Pictures appear among the records below and must be omitted. Repeat exactly the lines from the line with "The chief guests" to the line with "Figure 2. Example", both included.

[Record set — start]

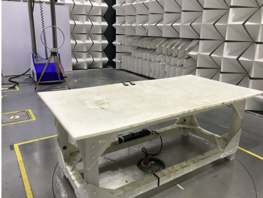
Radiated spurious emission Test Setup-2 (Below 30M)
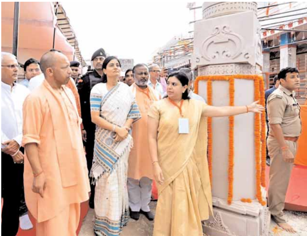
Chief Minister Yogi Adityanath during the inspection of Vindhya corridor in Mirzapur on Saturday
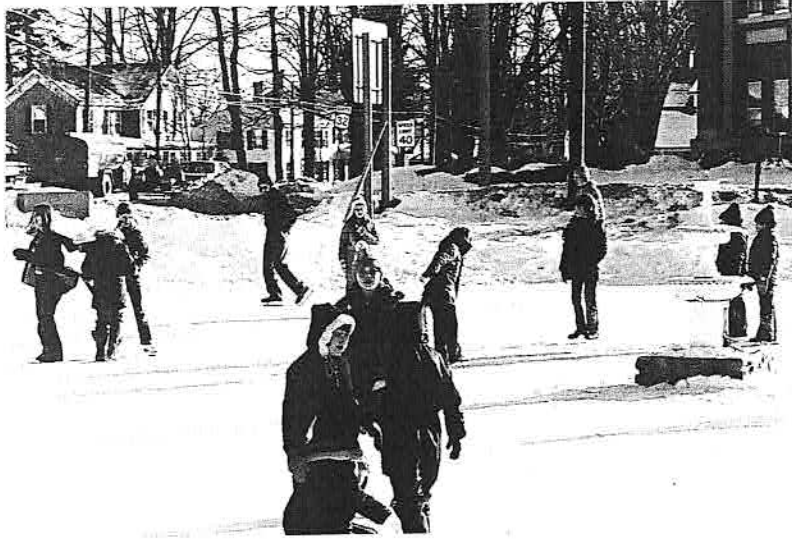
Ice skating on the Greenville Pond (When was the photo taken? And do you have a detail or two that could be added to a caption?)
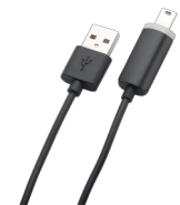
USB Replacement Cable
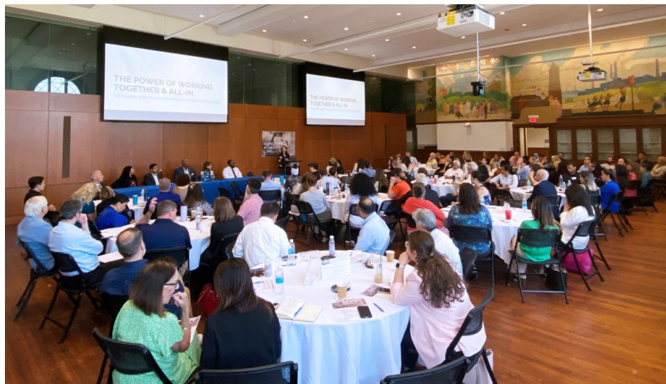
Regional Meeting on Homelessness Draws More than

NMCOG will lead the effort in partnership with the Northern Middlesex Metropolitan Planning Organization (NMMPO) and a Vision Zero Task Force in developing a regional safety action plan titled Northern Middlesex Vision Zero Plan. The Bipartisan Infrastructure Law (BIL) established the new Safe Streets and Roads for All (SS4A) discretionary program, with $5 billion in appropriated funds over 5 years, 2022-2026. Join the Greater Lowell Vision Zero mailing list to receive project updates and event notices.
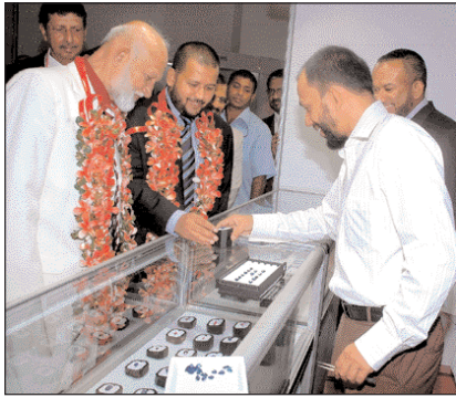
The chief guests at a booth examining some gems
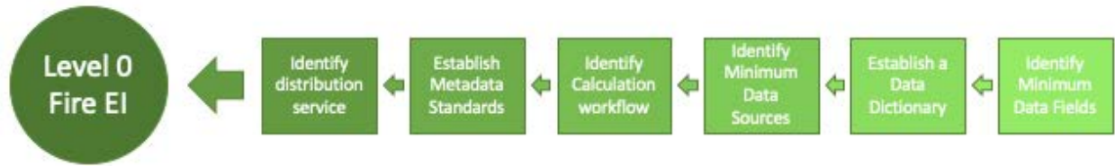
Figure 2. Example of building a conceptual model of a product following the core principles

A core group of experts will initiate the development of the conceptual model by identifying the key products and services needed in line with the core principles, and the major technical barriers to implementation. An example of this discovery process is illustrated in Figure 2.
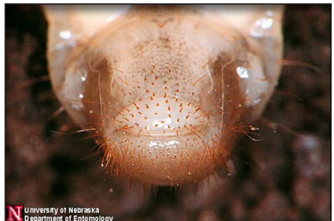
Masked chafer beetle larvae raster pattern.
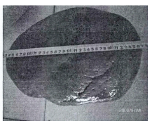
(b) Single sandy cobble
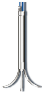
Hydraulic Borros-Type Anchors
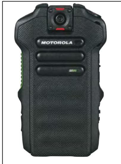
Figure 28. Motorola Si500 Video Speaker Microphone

[Record set — finish]

Completed task
The chief guests at a booth examining some gems
Figure 2. Example of building a conceptual model of a product following the core principles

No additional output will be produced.